----- Stored data -----
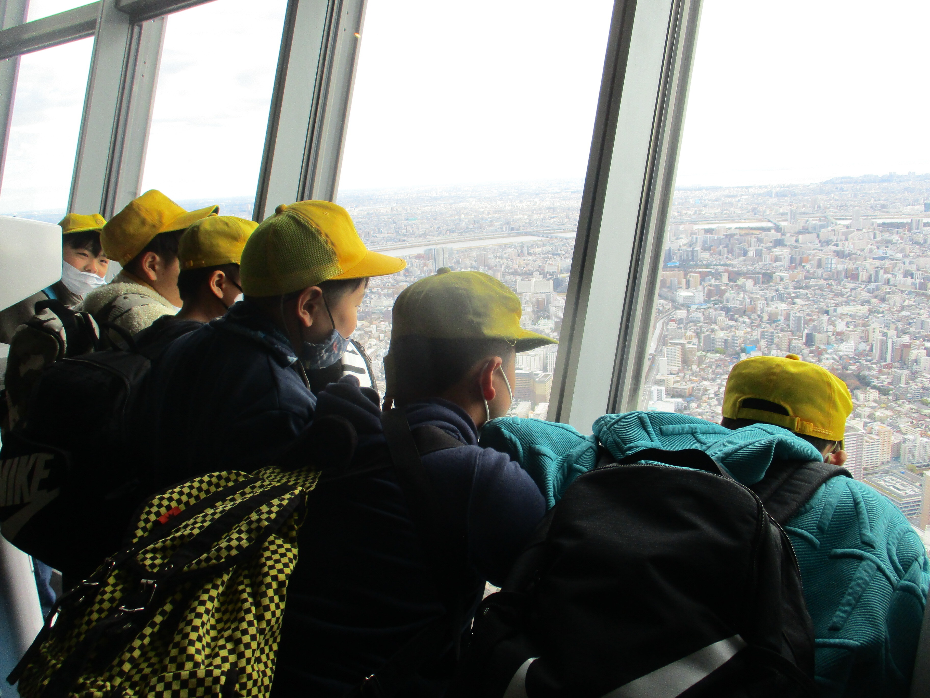 晴天に恵まれ、行きのバスの中からそびえたつスカイツリーが見えたときは、子どもたちから「見えた!わあ、高い」という声が上がりました。スカイツリーの展望台からは東京の街が一望でき、東京ドーム、東京タワーなどをみんなで探しました。本所防災館では、台風や地震などが起きたときの状況を体験しました。暴風雨や大きな揺れを身をもって体験したことで、防災意識を高めることができました。
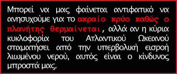 Μπορεί να φαίνεται αντιφατικό να ανησυχείτε για το ακραίο κρύο καθώς ο πλανήτης θερμαίνεται, αλλά αν η κύρια κυκλοφορία του Ατλαντικού Ωκεανού σταματήσει από την υπερβολική εισροή λιωμένου νερού, αυτός είναι ο κίνδυνος μπροστά.
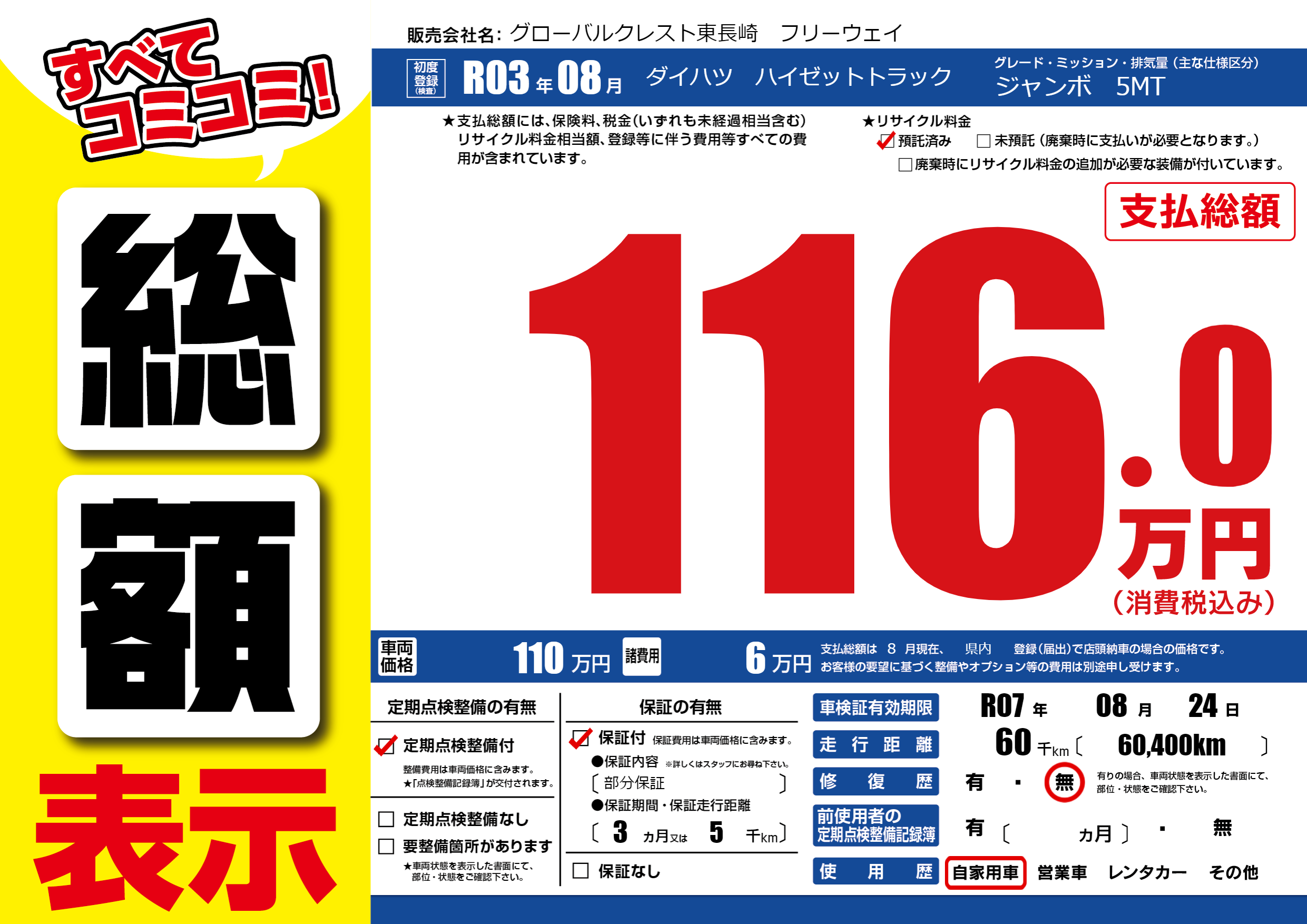 保証付き 保証内容(部分保証) 3ヶ月または(5)千kmまで |
-----
▸ **Directions**: In the copy, no pictures are to appear; write out exactly the lines from the one containing "Μπορεί να φαίνεται" through the end of the listing above and no further lines.

▸ **Result below**:
 Μπορεί να φαίνεται αντιφατικό να ανησυχείτε για το ακραίο κρύο καθώς ο πλανήτης θερμαίνεται, αλλά αν η κύρια κυκλοφορία του Ατλαντικού Ωκεανού σταματήσει από την υπερβολική εισροή λιωμένου νερού, αυτός είναι ο κίνδυνος μπροστά.
 保証付き 保証内容(部分保証) 3ヶ月または(5)千kmまで |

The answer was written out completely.